In interpreting the components, it should be understood that, unless otherwise explicitly described, tolerance ranges are included.

When describing positional relationships between parts or components, such as “on,” “above,” “below,” or “next to,” it should be understood that unless terms like “directly” or “immediately” are used, there may be one or more intervening components between the described parts.

An element or layer being “on” another element or layer may mean that another element may be directly on the other element, or an intervening element may be present.

Although the terms “first”, “second” and the like may be used to describe various components, the components should not be limited by the terms. The terms are used merely to distinguish one component from another. For example, a first component could be referred to as a second component within the scope of the present invention.

Throughout the specification, like reference numerals refer to like components.

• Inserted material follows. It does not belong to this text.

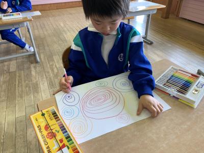 「好きなものって何だろう?」と悩みながら、好きな形や模様を描く児童も。
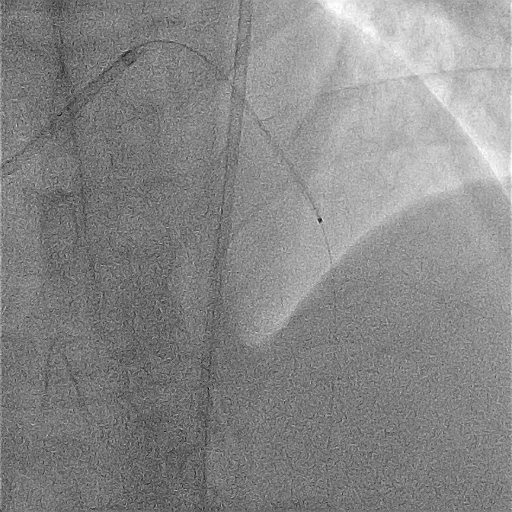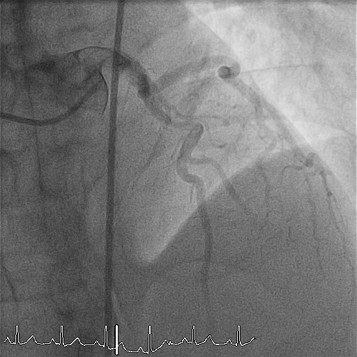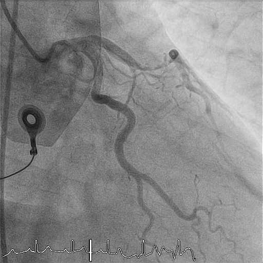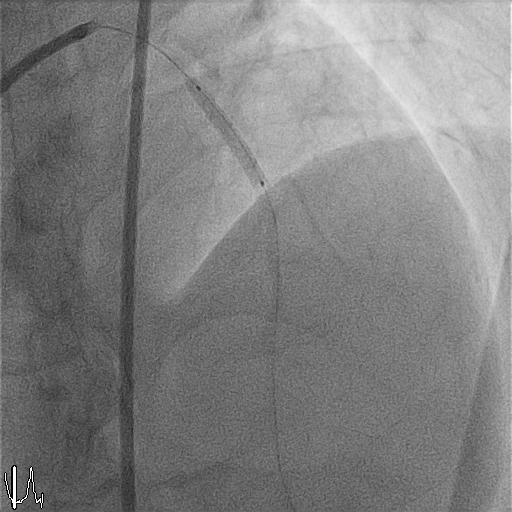 The patient arrived intubated and hemodynamically stable. Right femoral artery access was obtained with a 7 Fr sheath. Diagnostic angiography confirmed subtotal thrombotic occlusion of the proximal LAD with TIMI 1 flow and a large thrombus burden. PCI was initiated using a 7 Fr EBU 3.5 guiding catheter and a Sion guidewire. An ELIMINATE 7 Fr aspiration catheter was advanced, and multiple aspiration passes were performed, but significant residual thrombus persisted with high risk of no-reflow.

The sizes and thicknesses of components shown in the drawings are merely illustrative for convenience and do not limit the present invention to the illustrated sizes and thicknesses.

The features of the various embodiments of the present invention may be partially or entirely combined or integrated with one another. As those skilled in the art will readily understand, various technical linkages and operations are possible, and each embodiment may be implemented independently or in association with other embodiments.

Hereinafter, the structure of a high-speed dispensing spotter 1000 according to an embodiment of the present invention will be described with reference to FIGS. 1 to 4B. FIG. 1 is a diagram illustrating a high-speed dispensing spotter according to an embodiment of the present invention. FIG. 2 is a diagram illustrating a base part of the high-speed dispensing spotter according to an embodiment of the present invention. FIG. 3 is a diagram illustrating a control unit of the high-speed dispensing spotter according to an embodiment of the present invention. FIGS. 4A and 4B are diagrams for depicting shapes of a nozzle and a nozzle tip of the high-speed dispensing spotter according to an embodiment of the present invention.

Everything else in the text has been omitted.